The Iran War Is Also Now a Semiconductor Problem

Carnegie Endowment for International Peace· June 14, 2026

The escalation of conflict in Iran and the subsequent closure of the Strait of Hormuz have triggered a severe economic crisis in South Korea, exposing the energy vulnerabilities of its dominant semiconductor sector. As the country relies on the Middle East for approximately 70 percent of its crude oil, the disruption has caused a massive sell-off in the shares of industry leaders Samsung Electronics and SK Hynix. This volatility highlights a critical strategic chokepoint where global AI and memory chip supply chains are directly dependent on the stability of volatile energy transit routes.

The Iran conflict has resulted in a historic 18 percent drop in the South Korean stock market over just four trading days, erasing more than $500 billion in market value. This downturn was led by the nation’s semiconductor giants, Samsung Electronics and SK Hynix, which together represent nearly 40 percent of the domestic market capitalization. Both companies saw their valuations plunge by more than 20 percent in 48 hours as investors reacted to the threat posed by the closure of the Strait of Hormuz. Because South Korea imports roughly 70 percent of its crude oil from the Middle East through this specific waterway, the energy-intensive process of chip manufacturing faces immediate operational and cost risks.

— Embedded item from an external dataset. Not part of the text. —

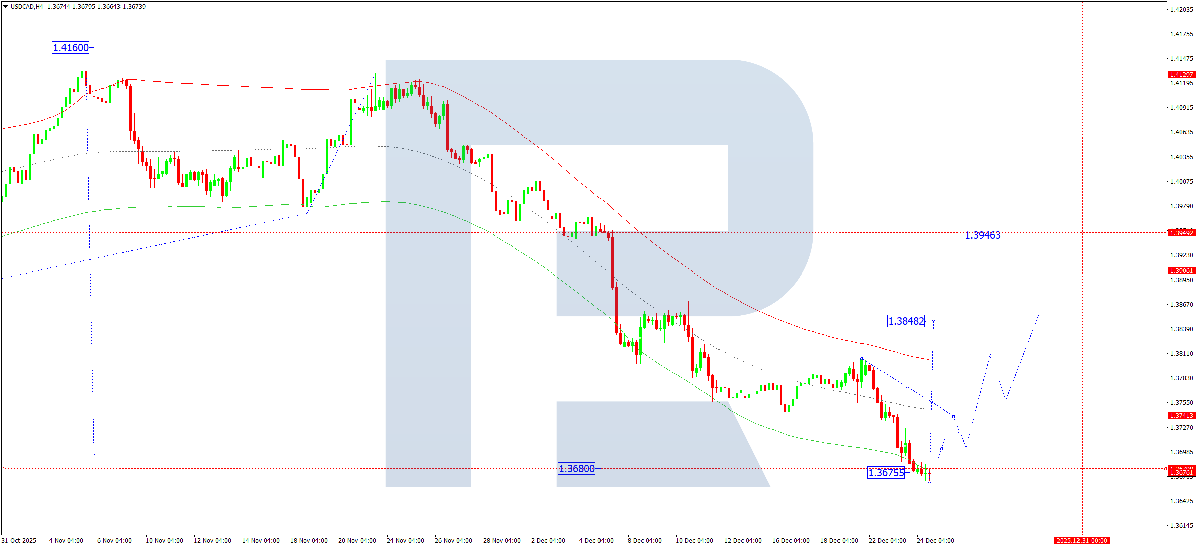 บนกราฟ H4 ของ USDCAD ตลาดยังคงก่อตัวช่วงการแกว่งตัวแบบสะสมกำลังบริเวณระดับ 1.3740 วันนี้ 26 ธันวาคม 2025 เราคาดว่าช่วงดังกล่าวจะขยายตัวลงไปยังระดับ 1.3666 หลังจากนั้น เราจะพิจารณาความเป็นไปได้ของการเริ่มต้นคลื่นขาขึ้นรอบใหม่ไปยังระดับ 1.3740 หากระดับนี้ถูกทะลุขึ้น เราจะพิจารณาความเป็นไปได้ของคลื่นที่เคลื่อนไหวต่อเนื่องไปยังระดับ 1.3848

South Korea’s reliance on imported fossil fuels—comprising 36.6 percent oil, 22.3 percent coal, and 19.7 percent natural gas—creates a structural weakness for its high-tech economy. The energy demands of the sector are projected to grow significantly with the development of the world’s largest chip complex in Yongin, Gyeonggi Province. Scheduled to partially open in 2027, this facility alone is expected to require 16 gigawatts of power, accounting for approximately 17 percent of South Korea’s total peak national electricity demand. While the country has attempted to transition toward nuclear and renewable energy, progress has lagged, leaving the semiconductor roadmap heavily tethered to geopolitical stability in the Middle East.

The disruption carries profound consequences for the global technology landscape, as Samsung and SK Hynix control 80 percent of the high-bandwidth memory (HBM) market and nearly 70 percent of the DRAM market. These components are essential for AI systems, cloud data centers, and consumer electronics, and were already in short supply due to the ongoing AI boom. Rising domestic energy costs, which surged over 60 percent between 2020 and 2024, had already begun pushing manufacturing overseas to locations like Taylor, Texas. However, the current crisis underscores that even with geographic diversification, the primary hubs of memory production remain vulnerable to energy supply shocks that can destabilize the entire global semiconductor ecosystem.